- The move away from fossil fuels and the diversification of the primary energy sources used are imperative both in terms of mitigating global warming and ensuring the political independence of the Western world. For the industries of agriculture and forestry, it is possible to secure the basic energy supply through their own yield. The use of vegetable oil is a possibility to satisfy the energy requirements for agricultural machines both autonomously and sustainably. Up to now, rapeseed has been the most important plant for oil production in Western Europe. In the EU, rapeseed oil is currently credited with up to 60% fossil CO2 savings compared to conventional diesel fuel. As a result, since 2018, rapeseed oil is no longer considered as biofuel in the EU. However, if cultivation and processing are completely based on renewable energy sources, up to 90% of fossil CO2 emissions can be saved in the future. This also applies to rapeseed oil, which is a by-product of animal feed production. In addition, pure rapeseed oil is chemically unchanged and thus biodegradable, which makes it particularly attractive for use in environmentally sensitive areas.
To increase the attractiveness of rapeseed oil as a fuel for the agricultural industry, a multi-fuel concept for the flexible use of rapeseed oil, diesel fuel and any mixtures of these two fuels would be beneficial, as it minimizes economic risks due to price fluctuations, availability, and taxation. For implementing such a concept, technical adjustments to the propulsion system are necessary. In existing vegetable oil vehicles, cost-intensive additional components are required for diesel particulate filter regeneration. Conventional regeneration via post-injected fuel (which does not participate in combustion) leads to dilution of the engine oil with vegetable oil.
This study elaborates the possibilities of DPF regeneration in vegetable oil operation by internal engine measures without the need for post-injection. This includes strategies for generating exhaust gas temperatures in high-idle operation which are suitable for regeneration. For this purpose, strategies combining throttling and retarded combustion are used. The measures were successfully tested with respect to their effectiveness for DPF regeneration. It could also be proved that no increased engine oil dilution occurs as a result of the regeneration procedure.

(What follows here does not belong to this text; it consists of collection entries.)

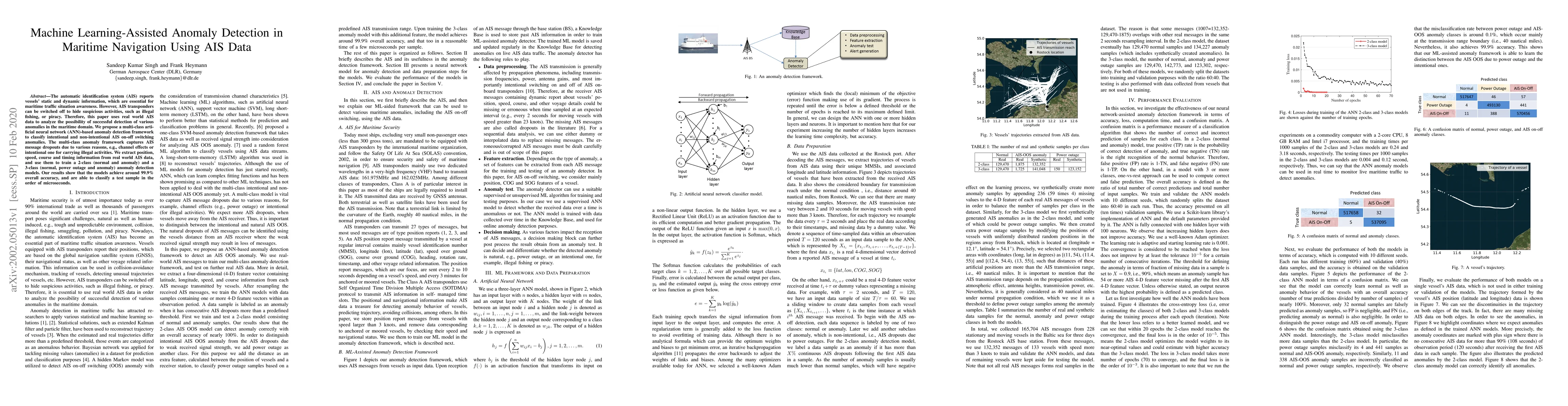 The paper presents a machine learning-assisted anomaly detection framework using a three-layer ANN model for classifying AIS message dropouts into normal, intentional anomalies, and non-intentional anomalies like power outages.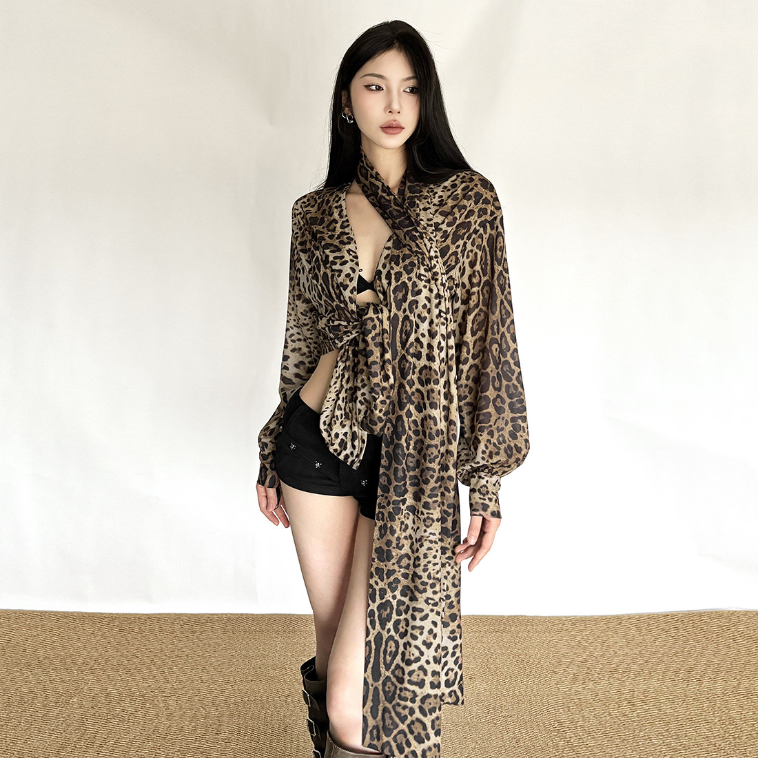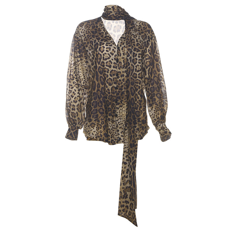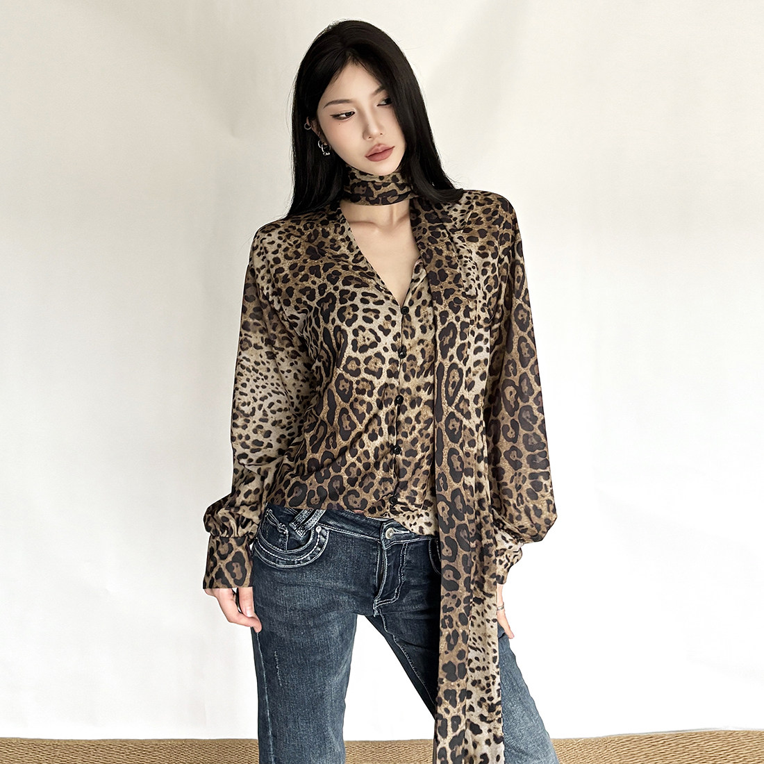 老钱风复古豹纹围脖飘带V领衬衫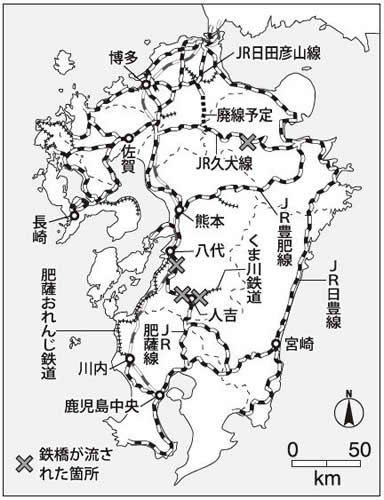 この豪雨でJR九州でも17路線345カ所で被害が生じた。肥薩(ひさつ)線は2本の鉄橋が流失、久大(きゅうだい)線は1本の鉄橋が流出した他、複数の鉄橋で橋脚がゆがんだ。線路への土砂の流入、地盤の流出なども多数起き、被害の大きさは17年の豪雨を超える。久大線や肥薩線は、JR九州が観光客を誘致しようと話題作りに努めてきた路線だ。しかし、赤字であることに変わりはない。日田彦山線の廃線と同じことが繰り返されかねない。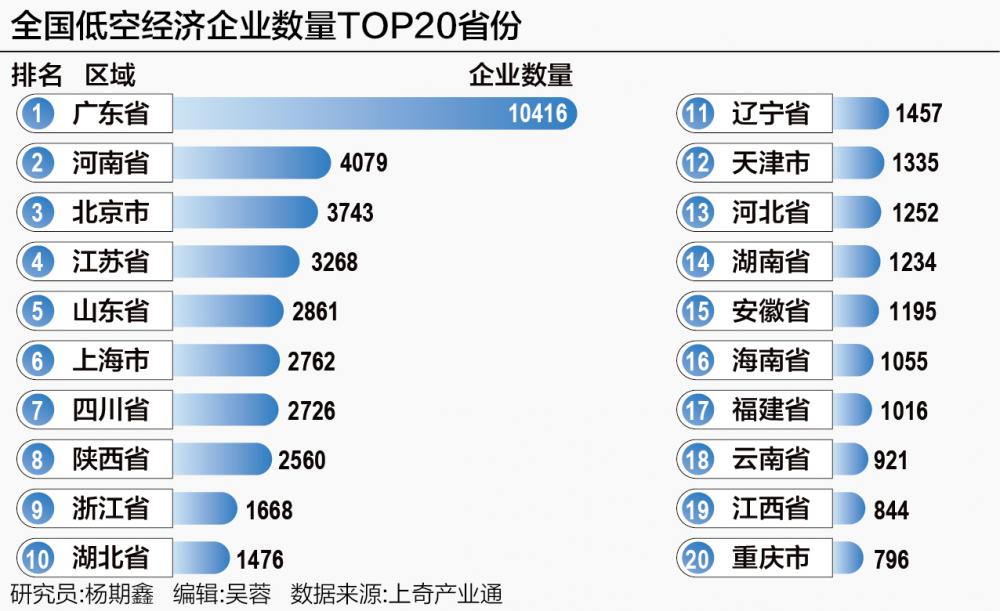 逐一来看,在低空经济相关企业数量上,广东、河南及北京展现出较强的竞争力。根据上奇产业通数据,截至2024年5月30日,广东、河南、北京低空经济相关企业数量位列全国前三,分别达10416家、4079家、3743家,广东占全国比重高达20.23%。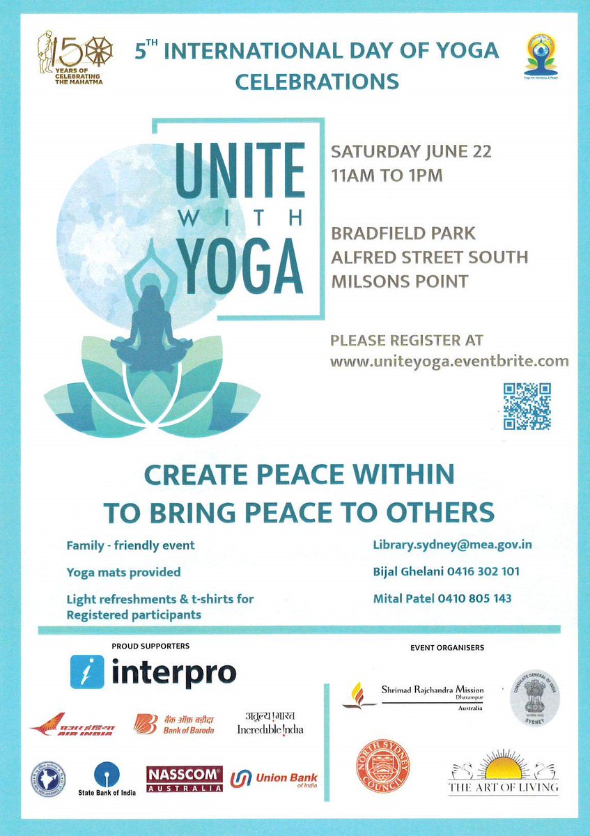 Please join us in celebrating 5th International Day of Yoga on 22nd Jun 19 frm 11AM to 1PM at Bradfield Park, Milsons Point, organised in association with Shrimad Rajchandra Mission Dharampur Australia and The Art of Living, Sydney. Register at http://www.uniteyoga.eventbrite.com
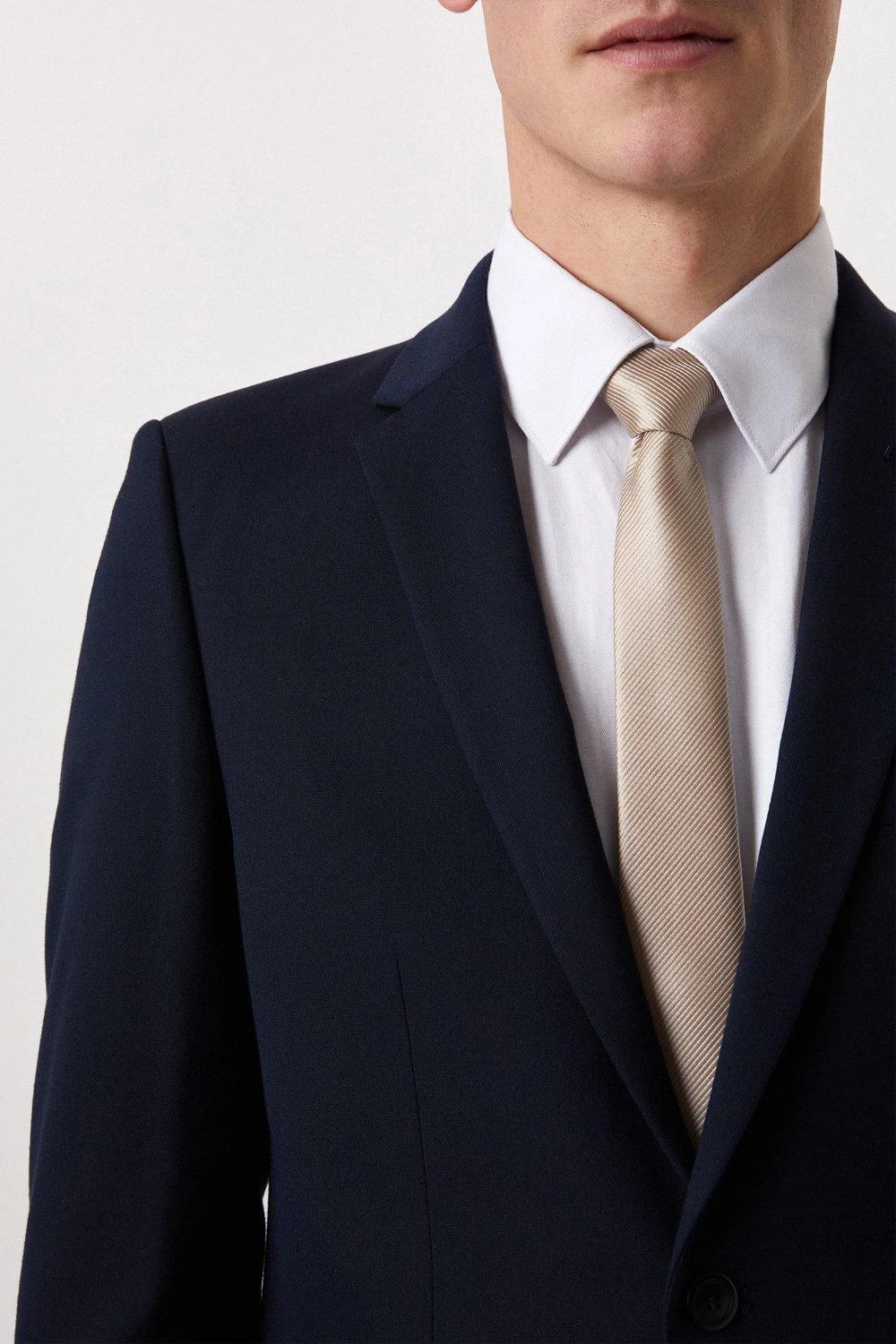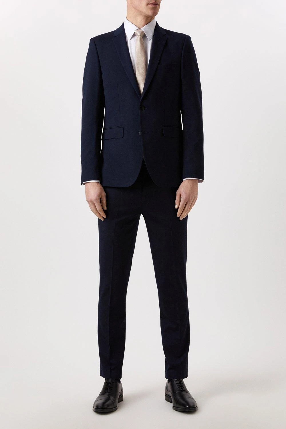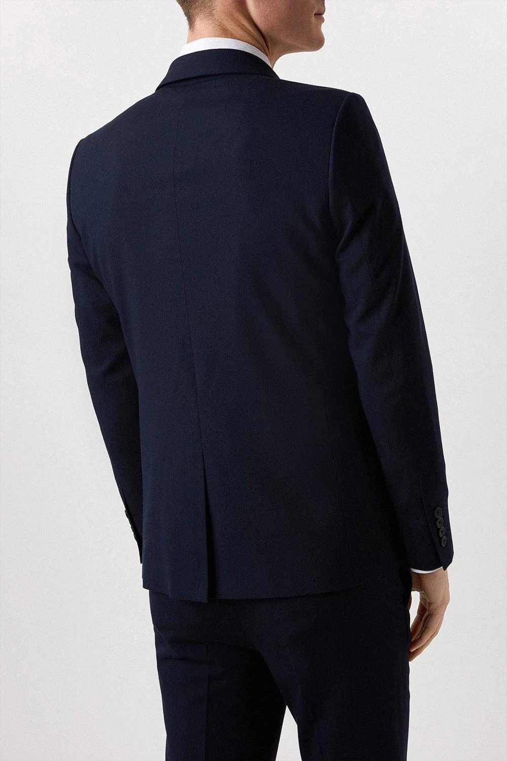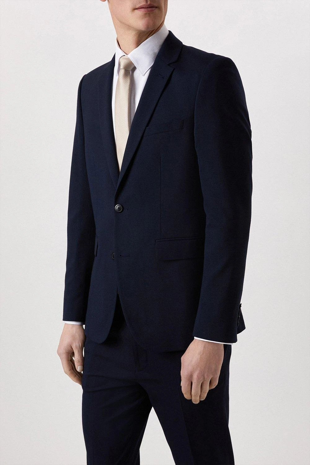 Part of our main range of suits, this 2 piece suit sits under our Essentials collection. This suit jacket comes in a comfortable fabric in navy and a perfect skinny fit. Featuring notch lapels, single breasted front fastening, front flap pockets and back vents. Main fabric: 66% Polyester 32% Viscose 2% Elastane
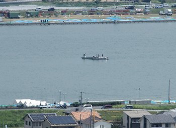 どなたか言っておられました。今まで両端の台船間の距離は300mでしたが、今回は150m延ばして450mにしましたとか(^-^)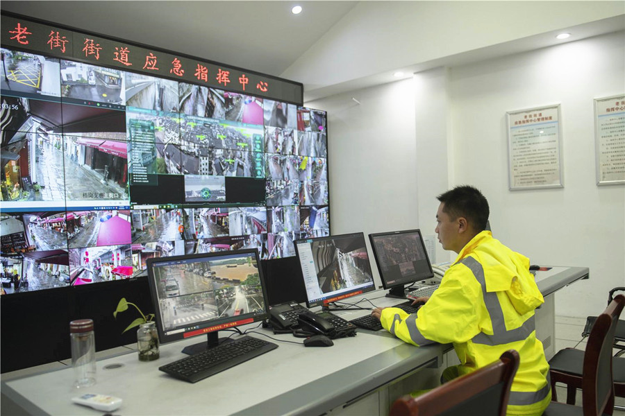 6月26日,在黃山市屯溪區老街街道應急指揮中心,老街專職消防隊隊長程順富查看全國重點文物保護單位屯溪老街內積水情況。新華社記者 傅 天 攝

For a prospective series application, however, regeneration should also be possible in transient engine operation. For this purpose, the measures developed for high-idle regeneration have been transferred to partial load points to gain insight into their applicability for transient engine operation. In addition, the effect of external EGR on regeneration has been considered. As the previous investigations of high-idle regeneration showed that regeneration is most critical when pure rapeseed oil is used, the studies of regeneration in part-load operation were limited to pure rapeseed oil. The systematic parameter variations carried out during the studies helped to improve the understanding of the system and the mechanisms of regeneration. The results of the investigation show that the exhaust gas temperature can be increased significantly by the measures studied. However, achieving the exhaust temperature required for DPF regeneration remains a challenge for certain operating points.